In your code, the generateThumbnails function is not an async function while generateBestRepresentation is. This is not allowed in Swift, you can only invoke an async function inside an async context. There are a few options if you want each iteration of the for loop to run concurrently

  • Wrap the body of the for loop with Task {}. Use this one if generateThumbnails does not need to wait until all the thumbnails are loaded.
    for case let fileURL as URL in enumerator {
      Task {
         let request = ....
         try await try QLThumbnailGenerator.shared.generateBestRepresentation(for: request)
      }
    }
    
  • Wrap the for loop using TaskGroup. Also need to mark the generateThumbnails function with async and wrap its invocation in the closure of Button with Task {}. Use this one if generateThumbnails need to wait until all the thumbnails are loaded
    func generateThumbnails(from folderURL: URL) async {
      ...
      try await withThrowingTaskGroup(of: Void.self) { group in
        for case let fileURL as URL in enumerator {
          group.addTask {
            let request = ....
            try await try QLThumbnailGenerator.shared.generateBestRepresentation(for: request)
          }
        }
        try await group.waitForAll()
      }
      ...
    }
    
    Note that if you have macOS 14.0 or higher, use withThrowingDiscardingTaskGroup instead of withThrowingTaskGroup and remove the group.waitForAll() call.
    Personally I recommend using the second method since it allows you to catch the error thrown by the child tasks from the caller directly.
1 Like

Follow up post from OP.

First, thanks for everyone who chimed in, much appreciated.

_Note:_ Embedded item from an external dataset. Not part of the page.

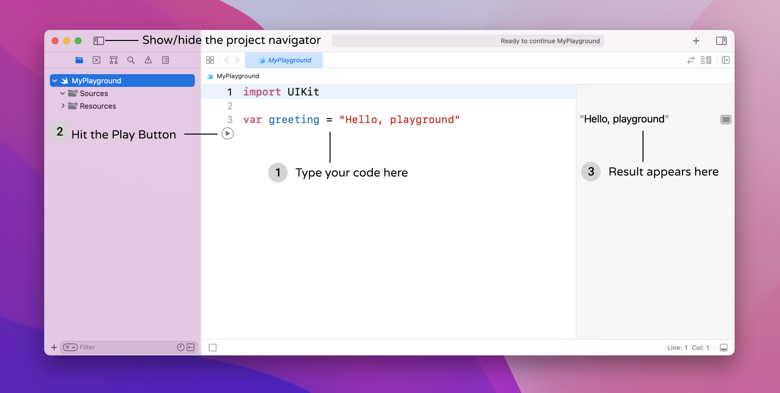 Penulis tidak ingin membuat kamu bosan dengan hanya menampilkan potongan kode. Tidak ada cara yang lebih baik untuk mengeksplorasi dunia pemrograman selain dengan langsung menulis kode. Xcode memiliki fitur bawaan bernama Playgrounds. Ini adalah lingkungan pengembangan interaktif yang memungkinkan developer bereksperimen dengan pemrograman Swift dan melihat hasil dari kode yang ditulis secara real-time. Sebentar lagi kamu akan memahami maksud penulis dan bagaimana Swift Playgrounds bekerja.
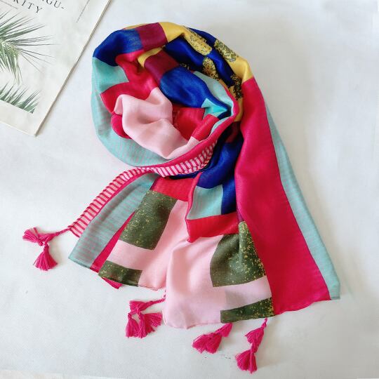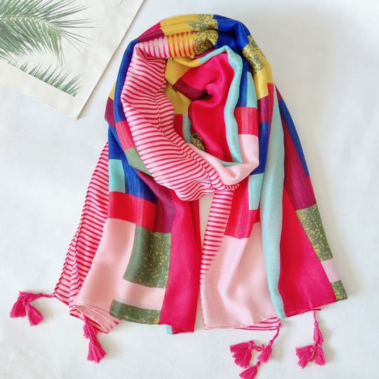 カラフルでにぎやか☆プライマリーカラーストール レッド系 普段のコーデにプラス 大判タイプで肩やひざかけにも アレンジ自在 薄手 スカーフ マフラー ショール 紫外線/冷房対策 エスニック ボヘミアン アジアン お出かけ 普段使い プレゼント MA0022

To clarify, my goal is to make the UI responsive, and update the UI continually as the thumbnails get generated. So I have revised the code, it compiles with Swift 6 now, it still has some issues, much appreciated your review and help! (github)

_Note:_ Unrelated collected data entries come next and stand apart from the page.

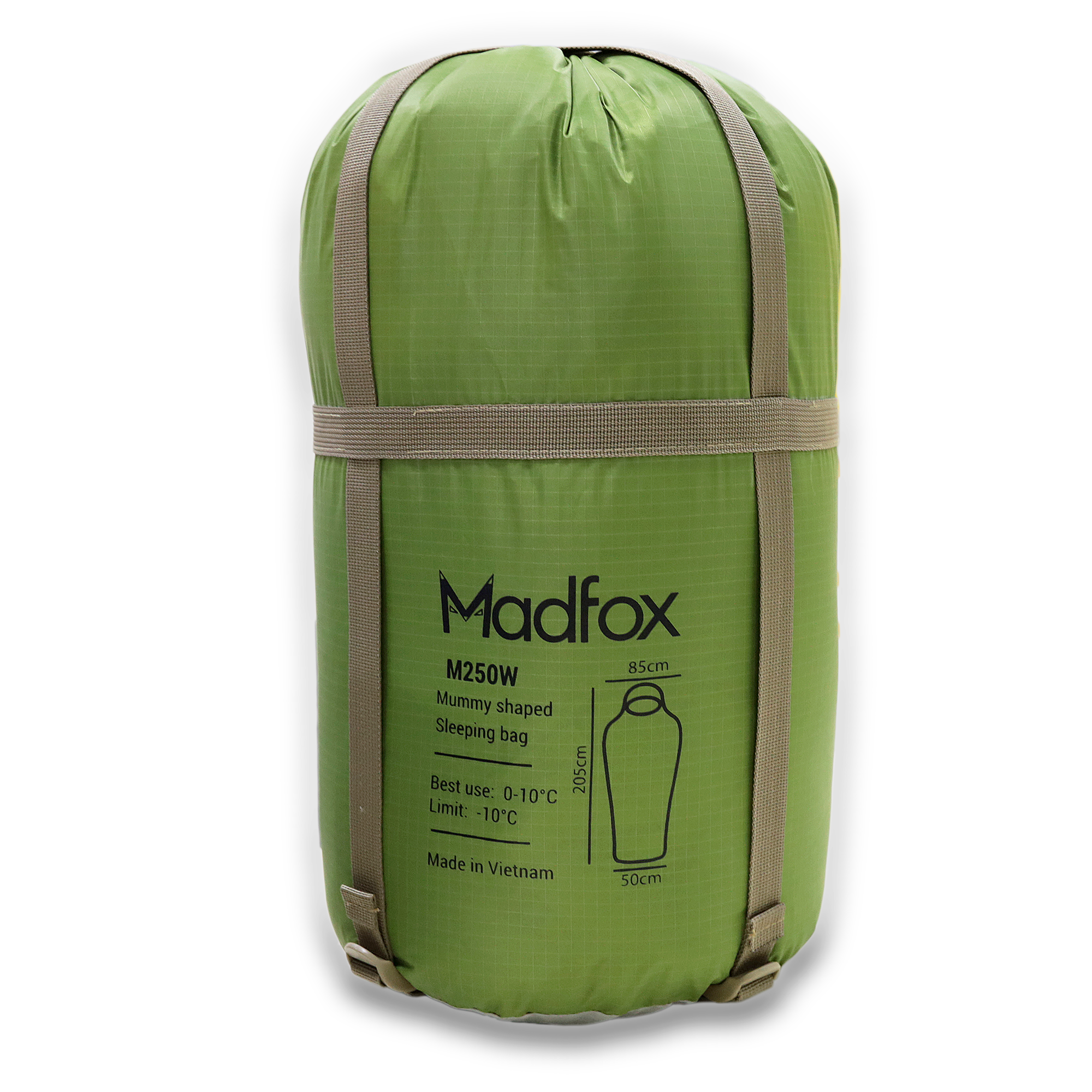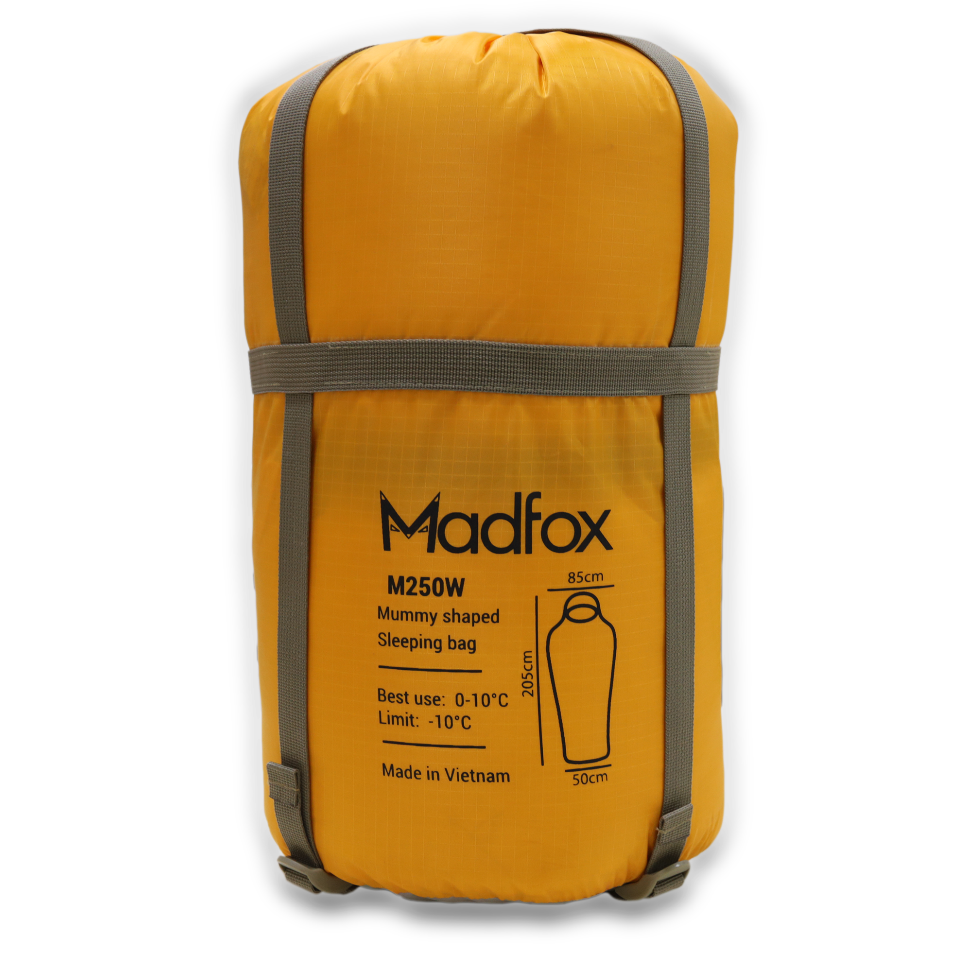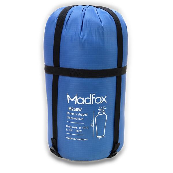 Túi ngủ muà đông chống thấm MADFOX M250W - loại túi ngủ dùng cho dã ngoại, cắm trại, đặc biệt thích hợp sử dụng cho những nơi có nhiệt độ thấp. Túi ngủ M250W với thiết kế mummy shaped (dạng xác ướp hay túi ngủ con nhộng) có nón với dây rút túm lại, ôm sát cơ thể, nâng cao tối đa khả năng giữ ấm.
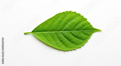 A vibrant green leaf with serrated edges and pronounced veins lies against a clean white backdrop
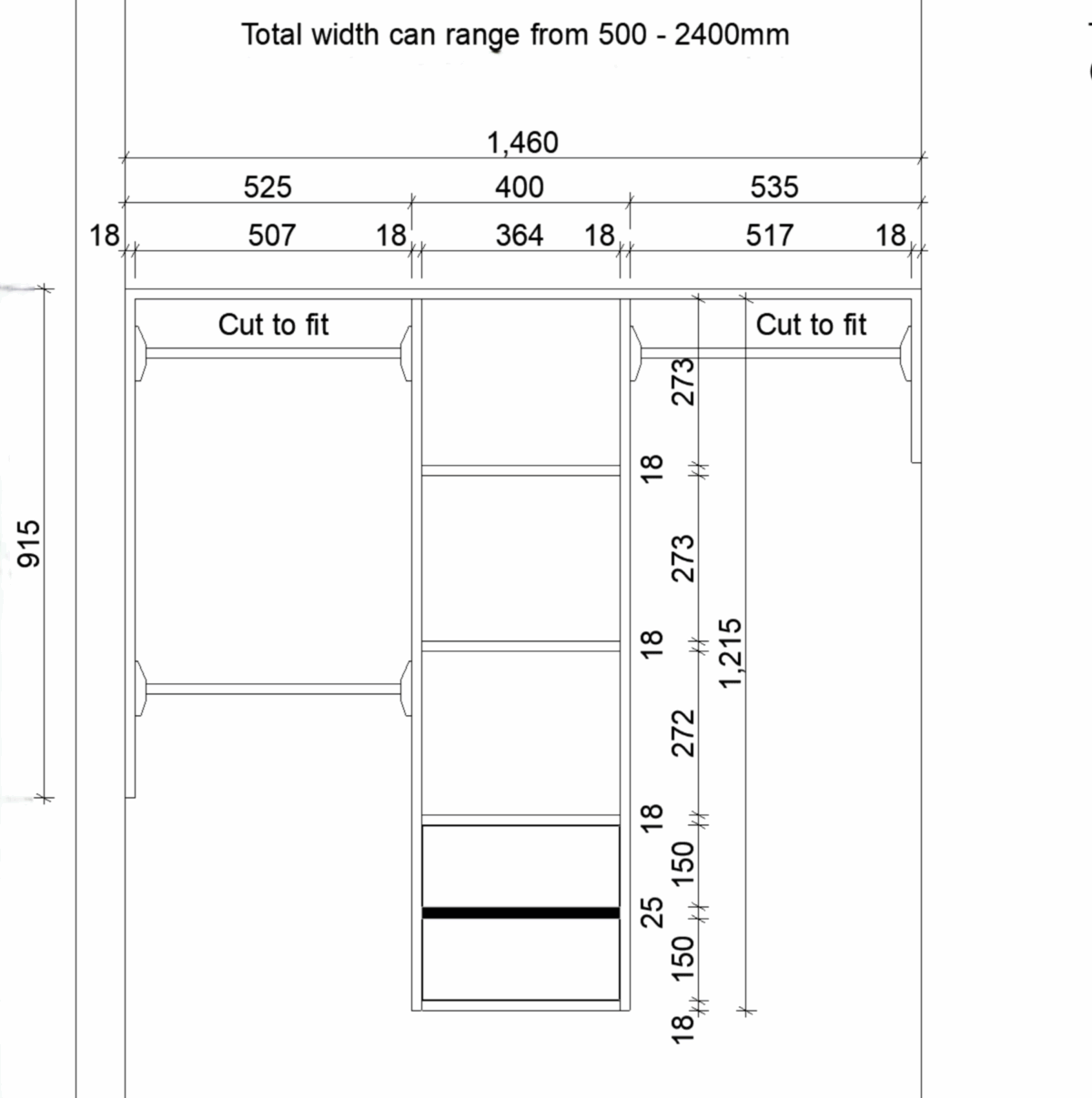 Fit up to 2400mm wide space (Can be cut to fit the size you need)
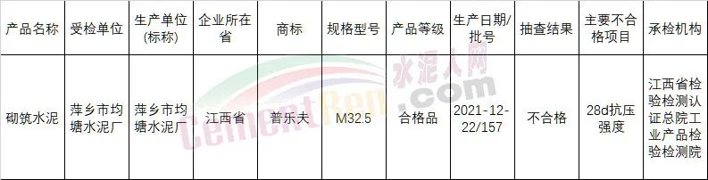江西省市場監(jiān)督管理局對全省水泥產(chǎn)品質(zhì)量進行了監(jiān)督抽查。經(jīng)檢驗,不合格產(chǎn)品1批次,涉及的不合格項目為28天抗壓強度。不合格標稱生產(chǎn)單位為萍鄉(xiāng)市均塘水泥廠普樂夫牌M32.5水泥。

  1. I tested it with a local network location which has >1,000 video files. The UI is getting updated as thumbnails get generated, but at the same time UI is not responsive to inputs such as scrolling, the pointer is also shown as busy. Is there a way to improve this?

  2. I use Task.detached {} to wrap the async system API call. Is there a way to get notified when the Task queue is empty? So that I can set the isLoading according.

You're likely overloading Swift's fixed-width thread pool used to run all concurrency work. With it generating thousands of thumbnails, there's not enough capacity left to let other work proper resume or suspend, leading to the UI issues you see. Unfortunately Swift doesn't allow you to throw the work into a separate thread pool unless do it yourself, like wrapping DispatchQueue.concurrentPerform, which would help. If you want to stay within Swift Concurrency you can try inserting Task.yield() at the end of every bit of work (or batch of work) to give the concurrency system a bit of time to process other work, but you'll want benchmark and see how yielding after every thumbnail or a particular number of thumbnails affects your overall performance.

This is definitely an area I'd like to see improved but I lost the pitch I was writing. It's probably a good followup to the recent default executor proposals.

Edit: found my draft pitch, [Prepitch]: Scoped, Fixed Width Concurrency Executors

1 Like

I think when you create too many tasks that are running blocking code on the global concurrent executor (which is the default executor), it overwhelm all the available threads. Generally the best way is to simply avoid creating that many tasks by loading thumbnails lazily (only load a thumbnail when it needs to appear on screen). If loading all thumbnail is really required, consider limiting the amount of task created or combining with a custom Dispatch Queue. If you target for macOS 15, using a custom TaskExecutor is also an option.

There is currently no APIs to access the Task queue, though you can implement it yourself by placing those Tasks in an array. However, I would recommend using TaskGroup for that since it provide more APIs to work with child tasks (e.g.: use the waitForAll() method to wait until all the child tasks are finished).